» **PROMPT**:
In the records below, find the line that contains "五月渐渐步入科研农民的收获季节。我院唐卓和全哲老师指导的硕士生乐雨泉的论文《ACV-tree: A New" and the line that contains "2022年报中国A股出版所属板块占比统计图"; write out exactly those two lines and everything between them, without the pictures.

» **DATASET**:
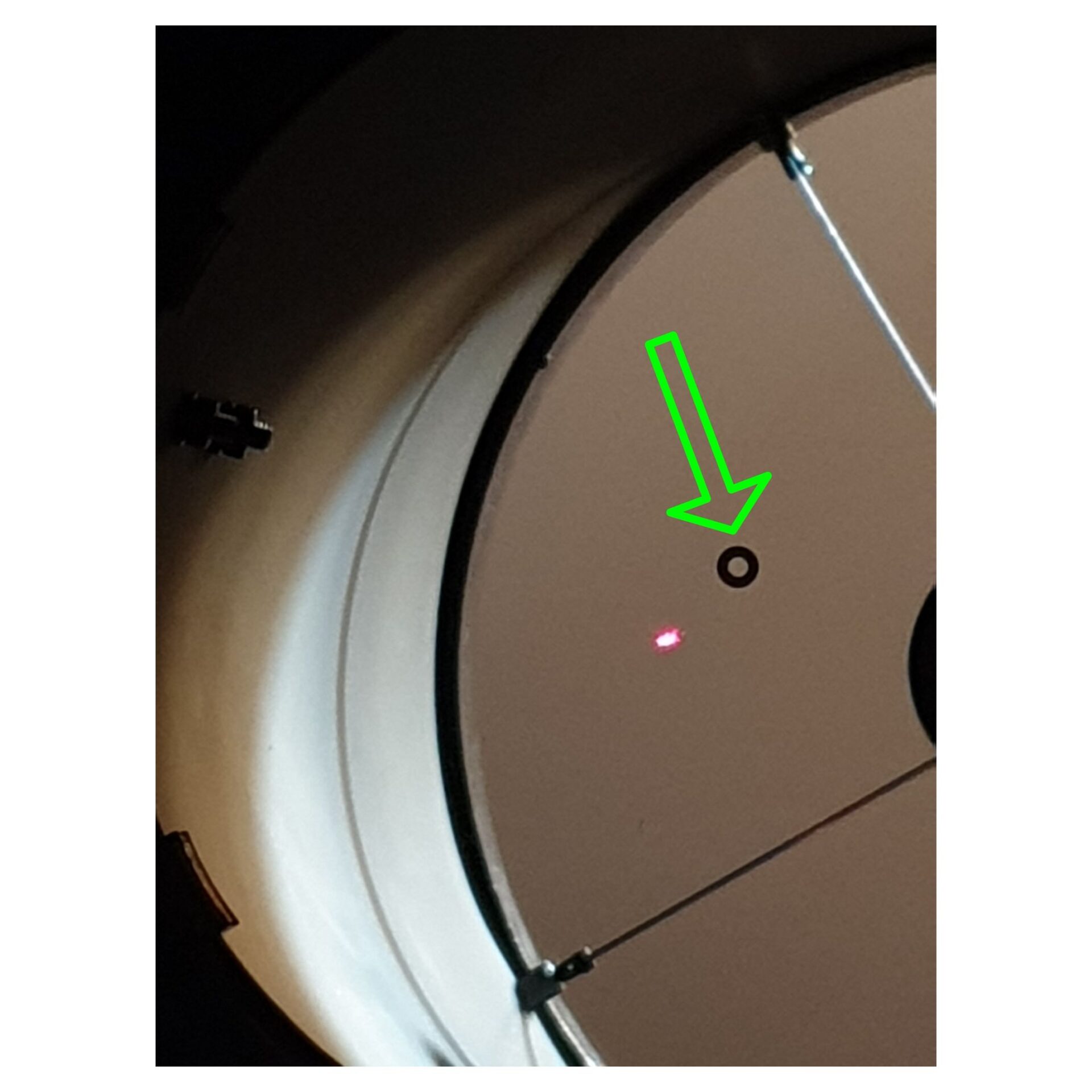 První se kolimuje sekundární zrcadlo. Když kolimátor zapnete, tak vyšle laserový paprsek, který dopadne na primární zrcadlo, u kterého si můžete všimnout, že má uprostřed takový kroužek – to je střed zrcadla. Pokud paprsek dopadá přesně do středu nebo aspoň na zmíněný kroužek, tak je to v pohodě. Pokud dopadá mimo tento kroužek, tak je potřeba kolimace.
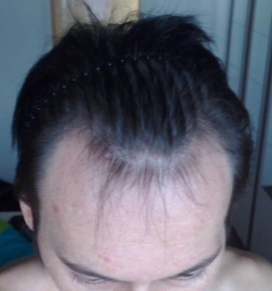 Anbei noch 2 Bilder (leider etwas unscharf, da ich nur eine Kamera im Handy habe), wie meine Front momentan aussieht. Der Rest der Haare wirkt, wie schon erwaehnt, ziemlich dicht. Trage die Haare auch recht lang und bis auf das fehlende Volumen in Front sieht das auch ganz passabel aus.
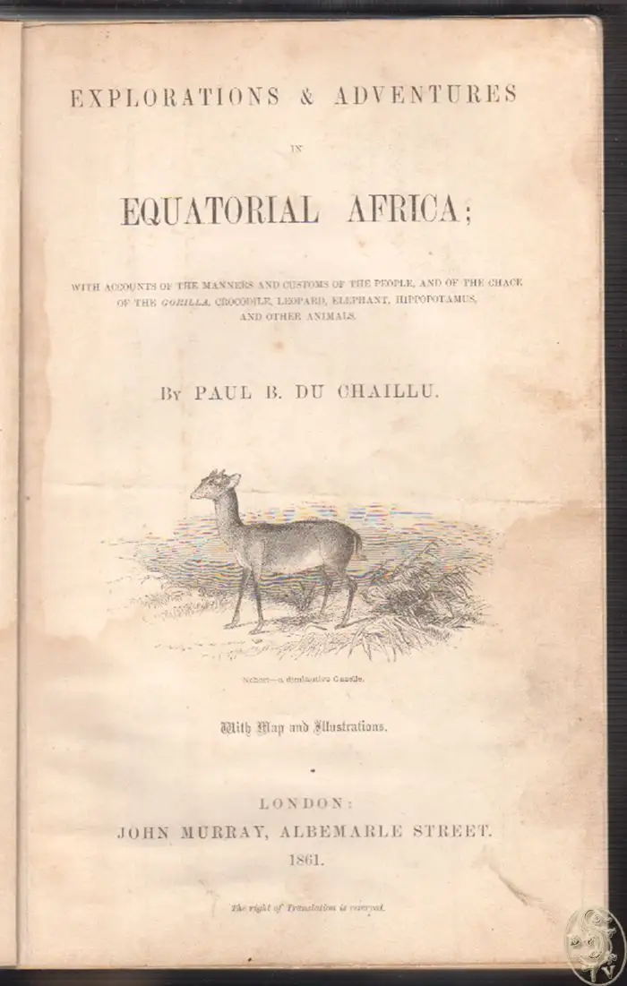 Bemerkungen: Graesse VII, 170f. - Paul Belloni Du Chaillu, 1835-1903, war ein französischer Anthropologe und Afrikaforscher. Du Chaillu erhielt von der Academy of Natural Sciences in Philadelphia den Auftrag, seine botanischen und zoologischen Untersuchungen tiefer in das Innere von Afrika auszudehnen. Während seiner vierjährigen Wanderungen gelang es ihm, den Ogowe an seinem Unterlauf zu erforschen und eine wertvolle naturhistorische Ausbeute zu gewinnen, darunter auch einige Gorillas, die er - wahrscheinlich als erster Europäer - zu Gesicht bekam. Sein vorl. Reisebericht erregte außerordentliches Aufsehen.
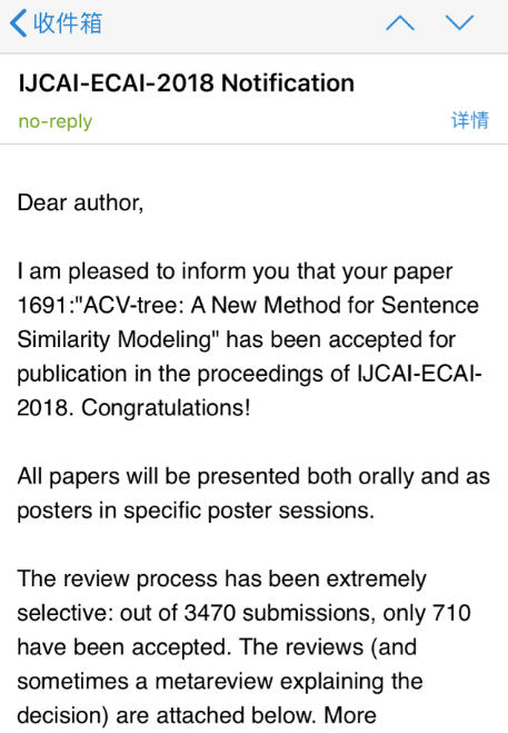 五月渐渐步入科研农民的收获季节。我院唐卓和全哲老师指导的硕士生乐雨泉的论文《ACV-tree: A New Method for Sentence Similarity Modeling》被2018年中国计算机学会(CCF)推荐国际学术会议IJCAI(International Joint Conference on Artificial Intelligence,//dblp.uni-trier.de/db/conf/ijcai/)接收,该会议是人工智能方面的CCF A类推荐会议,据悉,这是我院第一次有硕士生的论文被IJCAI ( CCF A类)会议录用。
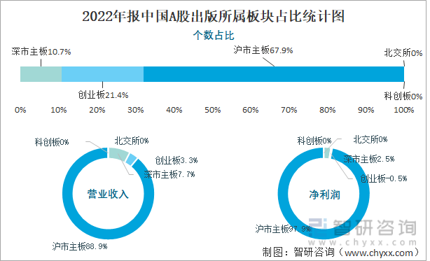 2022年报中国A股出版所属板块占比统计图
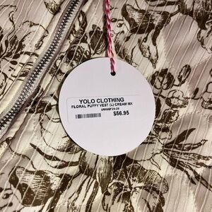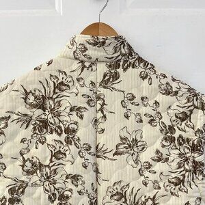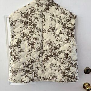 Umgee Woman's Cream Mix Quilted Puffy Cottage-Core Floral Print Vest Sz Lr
==
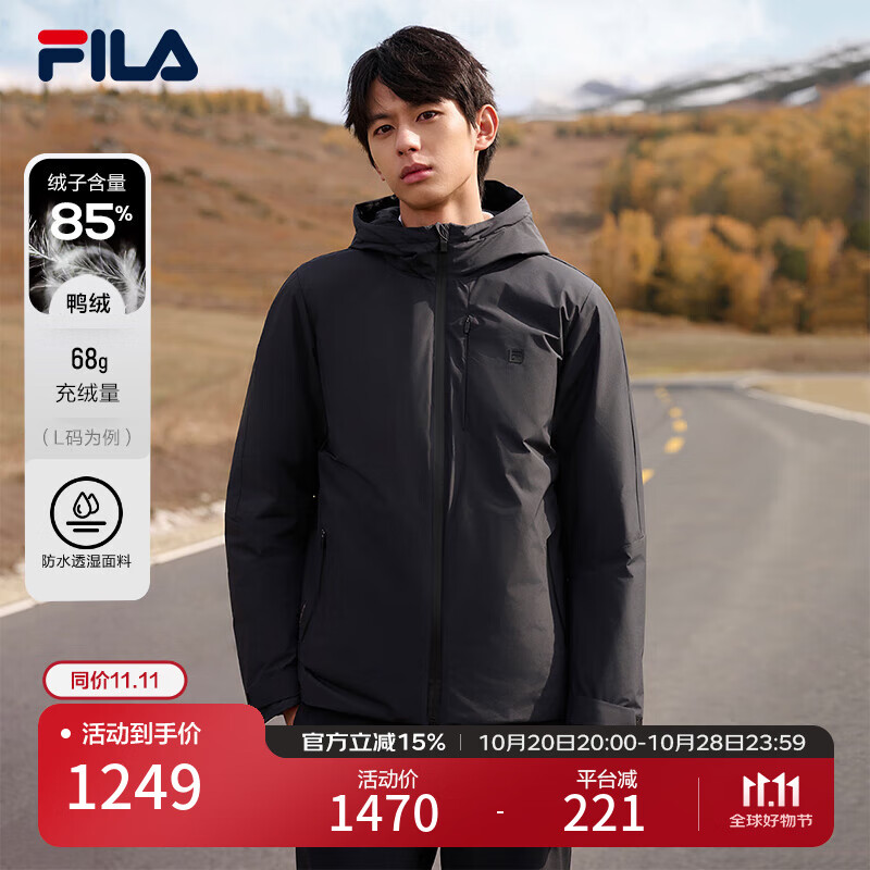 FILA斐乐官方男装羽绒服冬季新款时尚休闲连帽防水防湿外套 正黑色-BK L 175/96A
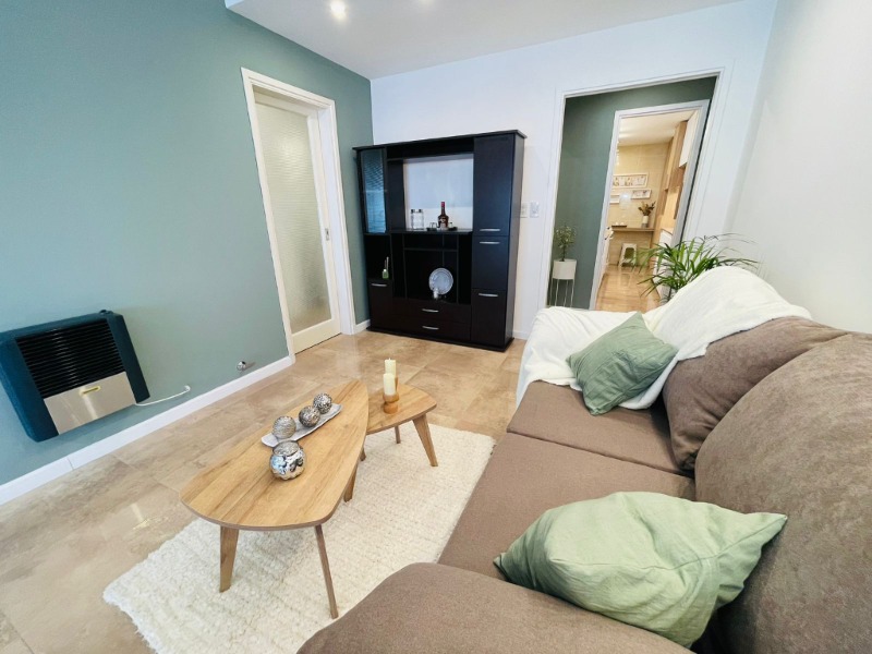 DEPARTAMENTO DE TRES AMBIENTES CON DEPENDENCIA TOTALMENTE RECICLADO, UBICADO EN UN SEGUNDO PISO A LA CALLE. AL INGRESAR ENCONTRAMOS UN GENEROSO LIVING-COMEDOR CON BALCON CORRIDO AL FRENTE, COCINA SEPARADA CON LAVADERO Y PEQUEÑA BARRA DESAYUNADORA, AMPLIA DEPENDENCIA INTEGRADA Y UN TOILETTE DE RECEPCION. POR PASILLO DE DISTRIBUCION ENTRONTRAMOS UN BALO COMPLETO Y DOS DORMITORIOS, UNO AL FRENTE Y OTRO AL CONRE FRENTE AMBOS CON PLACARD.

» **EXERCISE SOLUTION**:
 五月渐渐步入科研农民的收获季节。我院唐卓和全哲老师指导的硕士生乐雨泉的论文《ACV-tree: A New Method for Sentence Similarity Modeling》被2018年中国计算机学会(CCF)推荐国际学术会议IJCAI(International Joint Conference on Artificial Intelligence,//dblp.uni-trier.de/db/conf/ijcai/)接收,该会议是人工智能方面的CCF A类推荐会议,据悉,这是我院第一次有硕士生的论文被IJCAI ( CCF A类)会议录用。
 2022年报中国A股出版所属板块占比统计图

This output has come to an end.